Justice Cocaine: Judge Michel Girouard retires

Justice Cocaine: Judge Michel Girouard retires

Having exhausted his remedies to avoid his dismissal, Judge Michel Girouard has retired, the Minister of Justice and Attorney General of Canada, David Lametti, announced Thursday.

Earlier today, the Supreme Court closed the door on Judge Girouard by refusing to hear his appeal. Faced with this decision, the magistrate left his post at the Superior Court of Quebec, a decision in effect as of now.

“This is the last act in a saga that has lasted too long, which has violated the rights of access to justice for litigants and which has cost Canadians millions of dollars,” the president responded by email. of the Judicial Council, Richard Wagner.

Suspected of having bought cocaine in Abitibi before his appointment, in 2010, the judge stepped up legal proceedings to avoid his dismissal recommended by the Canadian Judicial Council, which looked into this case in 2012.

“The long, costly and sometimes frustrating process that ended today demonstrates the need to reform the disciplinary process of the judiciary,” said the Minister of Justice in a press release.

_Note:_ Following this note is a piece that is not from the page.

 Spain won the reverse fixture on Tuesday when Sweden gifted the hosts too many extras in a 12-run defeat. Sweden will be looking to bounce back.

“Our government is developing proposals so that the disciplinary process leads to final decisions in a fair and rapid manner and at a reasonable cost for the public treasury, while respecting the requirements of judicial independence,” he said. he adds.

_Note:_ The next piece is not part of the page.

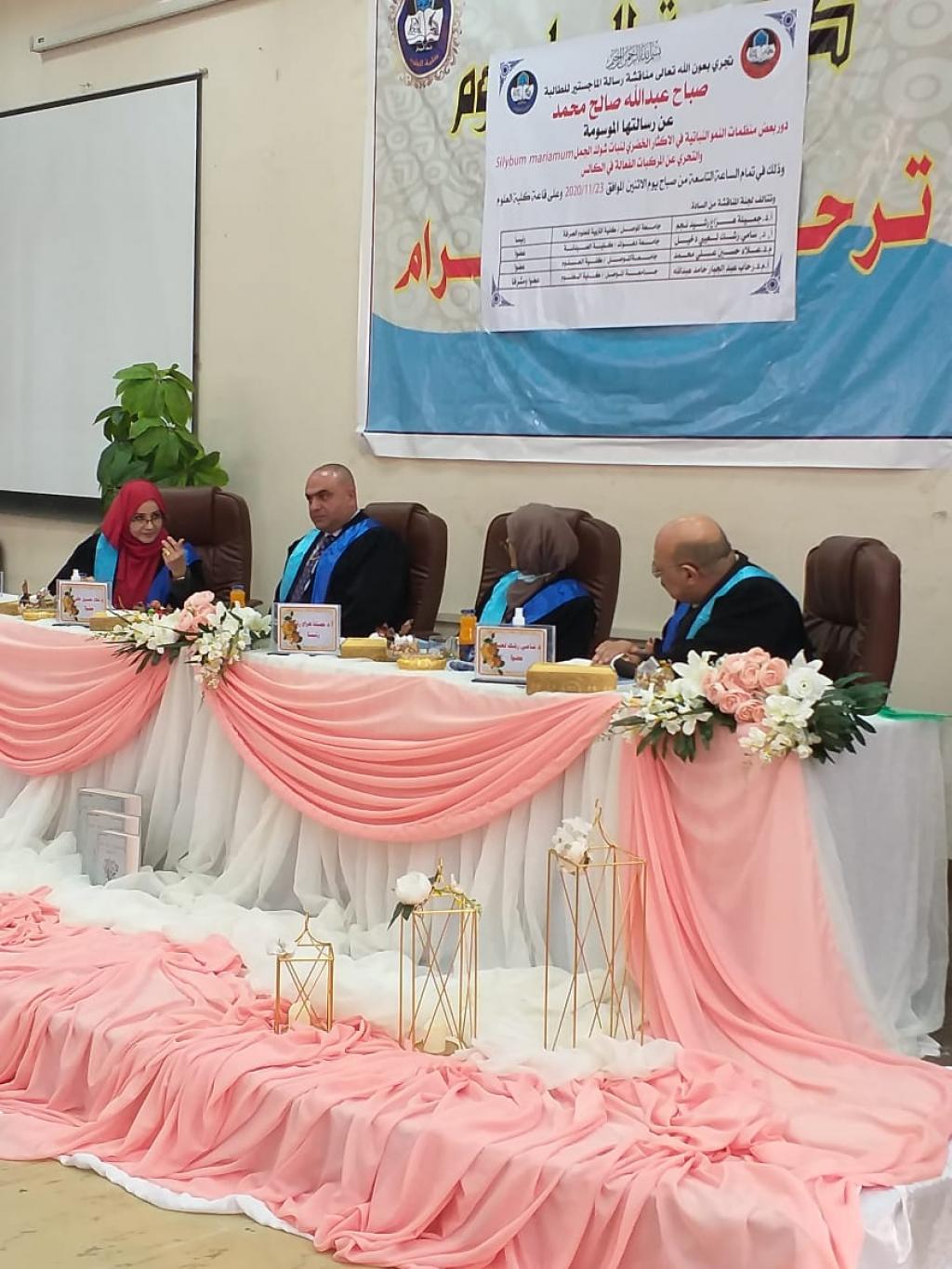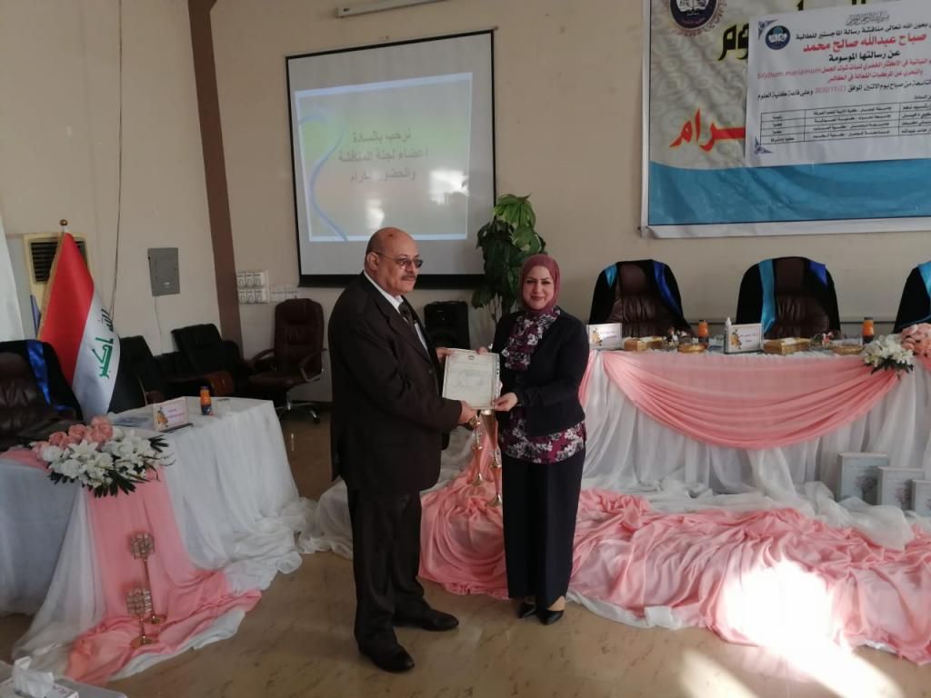 • أ.م.د. رحاب عبدالجبار حامد / جامعة الموصل / عضواً و مشرفاً .حيث قدّمت السيدة عميد كلية العلوم الأستاذ المساعد الدكتورة هيام عادل إبراهيم الطائي كتاب شكر و تقدير إلى الأستاذ المساعد الدكتور سامي رشك لعيبي دخيل من كلية الصيدلة / جامعة دهوك ؛ لتكبده عناء السفر و مشاركته في مناقشة الطالبة .

A reform project also supported by the president of the Judicial Council.

“As the Minister of Justice said today, ‘Canadians deserve better’,” said Wagner.

Judge Girouard, who had acceded to the bench in 2010, found himself in hot water following a vast investigation into cocaine trafficking in Abitibi.

In the investigation report of the Sûreté du Québec, it was indicated that Mr. Girouard, then a lawyer, would have bought an “illicit substance” from the owner of a video store.